◆ **Work required**
Copy out the entries below exactly as they stand, but only from the line containing "B. What, in" through the line containing "Remember your favourite".

◆ **Dataset records**

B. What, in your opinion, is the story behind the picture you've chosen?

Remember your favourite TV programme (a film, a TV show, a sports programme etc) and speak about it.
...
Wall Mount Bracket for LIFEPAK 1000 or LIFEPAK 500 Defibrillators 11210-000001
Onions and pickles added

◆ **Solution to this problem**
B. What, in your opinion, is the story behind the picture you've chosen?

Remember your favourite TV programme (a film, a TV show, a sports programme etc) and speak about it.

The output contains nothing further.